▸ What the exercise asks
Instruction for the entries that follow: retype exactly the lines from the line with "Karwa Khedi village" to the line with "The Northface Women's", both included, and omit all others.

┌─ Records for the task

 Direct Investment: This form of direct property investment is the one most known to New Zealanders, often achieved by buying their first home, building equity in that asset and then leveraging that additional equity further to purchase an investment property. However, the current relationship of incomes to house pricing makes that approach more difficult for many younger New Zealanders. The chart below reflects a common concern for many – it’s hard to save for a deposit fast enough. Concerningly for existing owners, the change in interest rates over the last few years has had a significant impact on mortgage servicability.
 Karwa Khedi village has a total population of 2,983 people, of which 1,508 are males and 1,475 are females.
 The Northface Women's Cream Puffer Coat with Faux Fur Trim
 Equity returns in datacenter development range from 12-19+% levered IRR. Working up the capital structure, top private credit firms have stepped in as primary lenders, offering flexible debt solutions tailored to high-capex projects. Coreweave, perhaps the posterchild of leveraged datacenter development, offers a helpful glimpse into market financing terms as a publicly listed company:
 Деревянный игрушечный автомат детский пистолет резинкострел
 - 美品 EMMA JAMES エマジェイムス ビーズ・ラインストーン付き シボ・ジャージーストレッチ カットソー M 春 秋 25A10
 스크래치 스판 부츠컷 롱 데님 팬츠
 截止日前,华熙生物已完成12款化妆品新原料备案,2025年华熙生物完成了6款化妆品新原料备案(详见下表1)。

└─
┌─ Records for the task

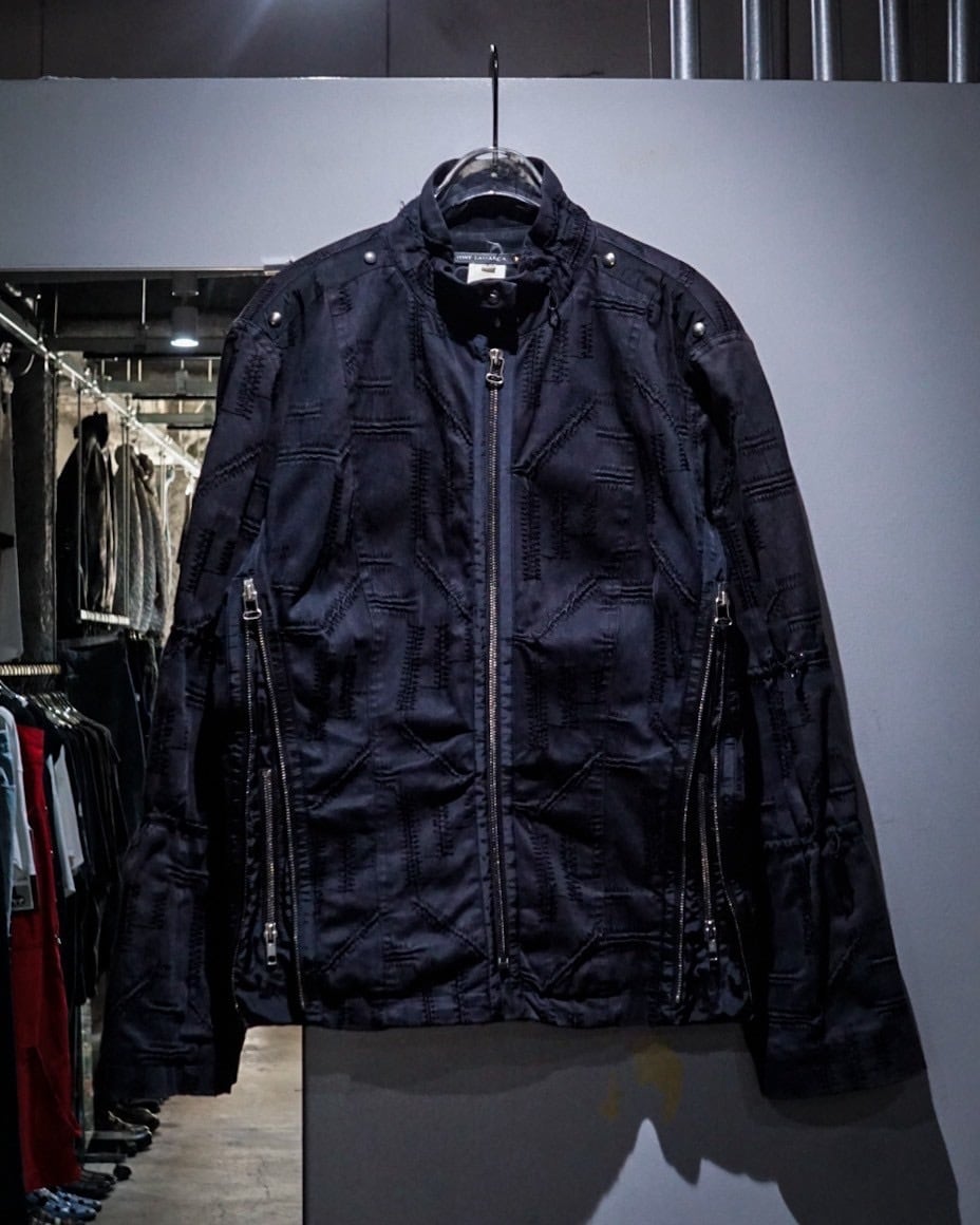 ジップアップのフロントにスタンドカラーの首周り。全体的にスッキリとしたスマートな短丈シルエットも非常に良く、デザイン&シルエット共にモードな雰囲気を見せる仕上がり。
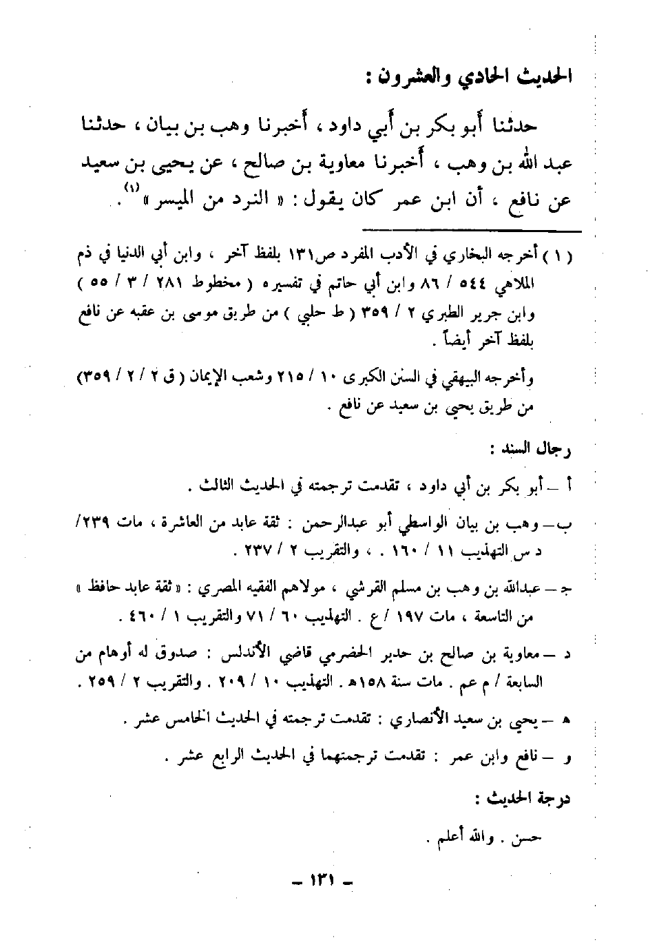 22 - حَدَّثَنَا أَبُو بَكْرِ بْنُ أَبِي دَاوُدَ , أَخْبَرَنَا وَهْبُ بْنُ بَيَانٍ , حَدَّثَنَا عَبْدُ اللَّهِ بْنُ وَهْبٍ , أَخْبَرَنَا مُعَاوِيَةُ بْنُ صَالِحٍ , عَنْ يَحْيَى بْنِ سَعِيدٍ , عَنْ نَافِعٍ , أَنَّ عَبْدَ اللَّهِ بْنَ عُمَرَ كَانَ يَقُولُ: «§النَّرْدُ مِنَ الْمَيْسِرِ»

└─
┌─ Records for the task

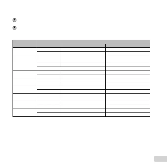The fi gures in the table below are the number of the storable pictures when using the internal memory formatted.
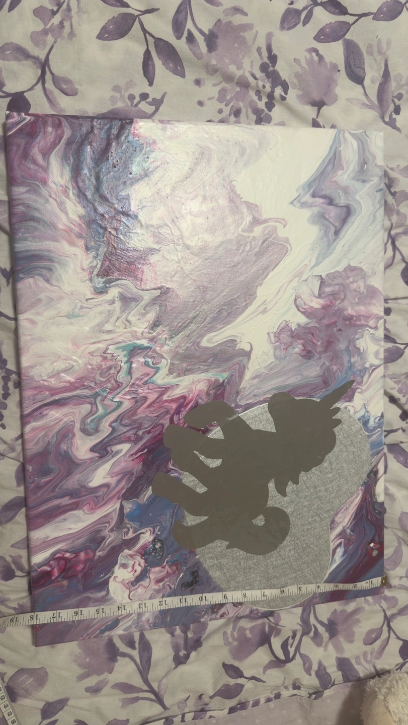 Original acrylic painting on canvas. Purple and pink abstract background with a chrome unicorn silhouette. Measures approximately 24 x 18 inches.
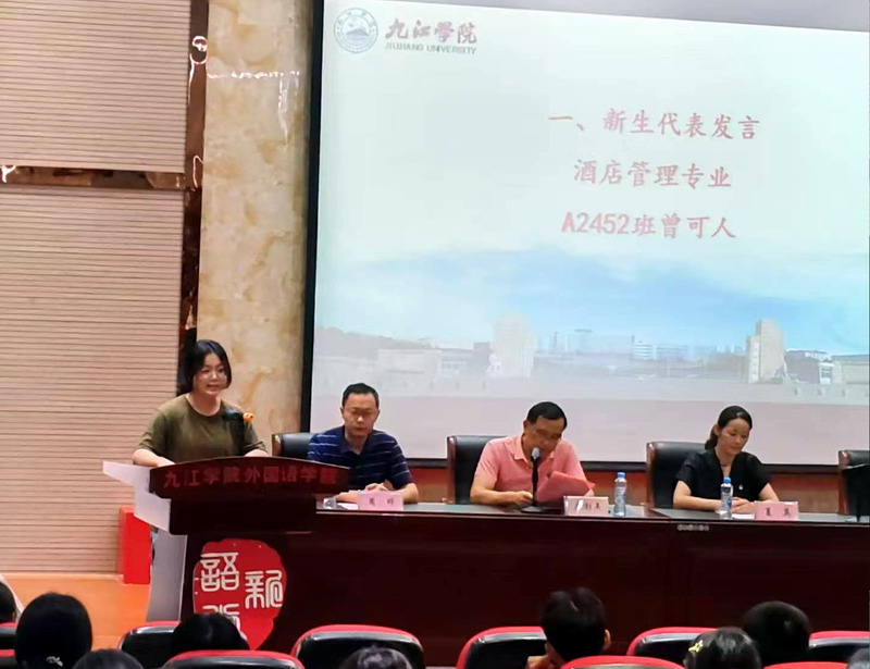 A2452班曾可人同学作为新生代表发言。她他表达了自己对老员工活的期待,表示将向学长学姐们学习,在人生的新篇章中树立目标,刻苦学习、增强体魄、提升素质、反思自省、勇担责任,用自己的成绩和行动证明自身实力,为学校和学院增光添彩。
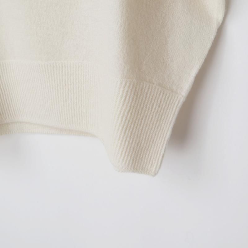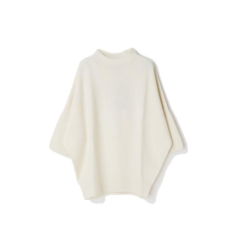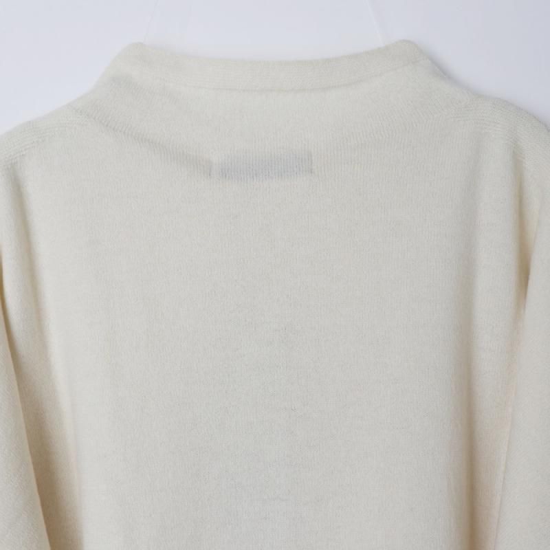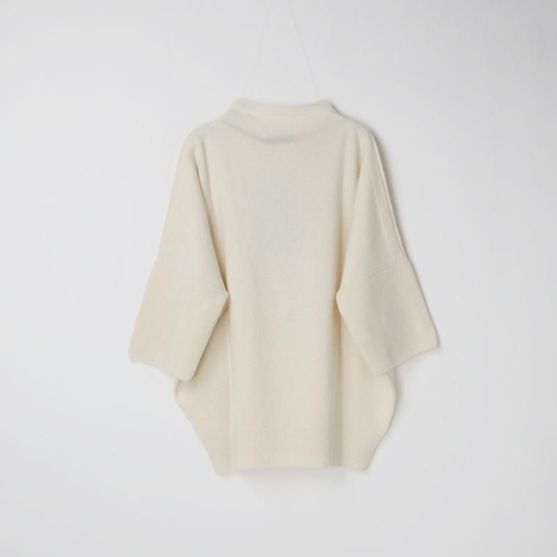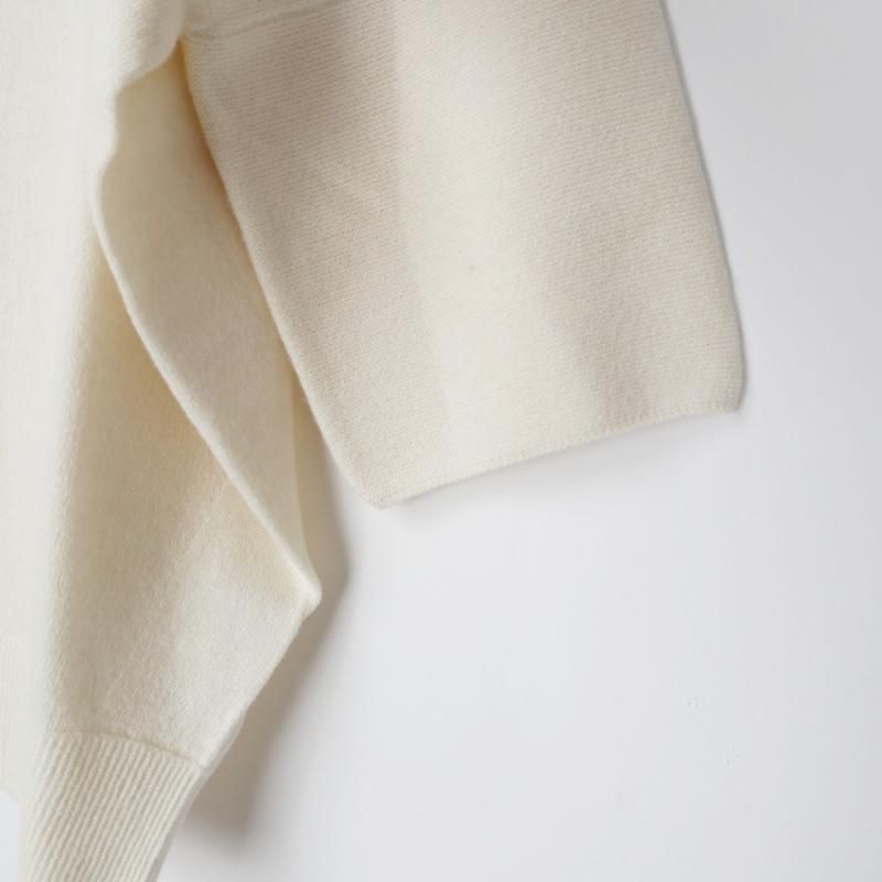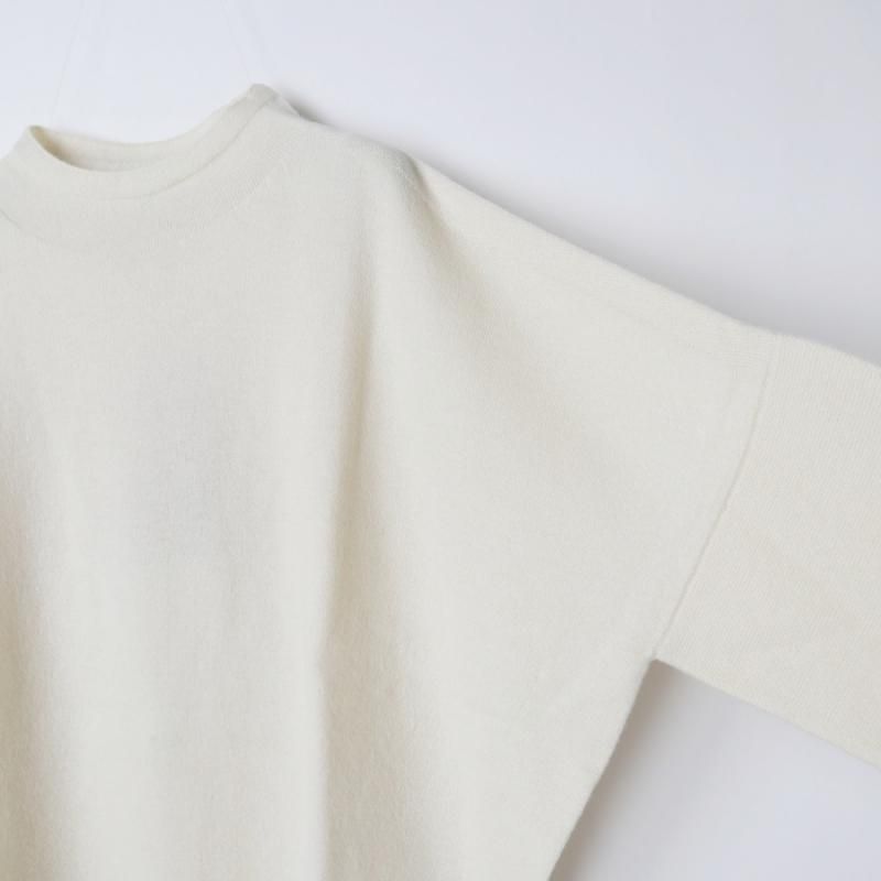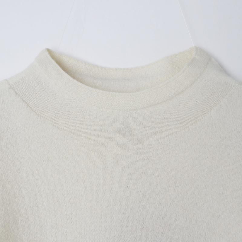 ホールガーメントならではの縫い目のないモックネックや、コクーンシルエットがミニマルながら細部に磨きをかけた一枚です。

└─

▸ Solution to this problem
 Karwa Khedi village has a total population of 2,983 people, of which 1,508 are males and 1,475 are females.
 The Northface Women's Cream Puffer Coat with Faux Fur Trim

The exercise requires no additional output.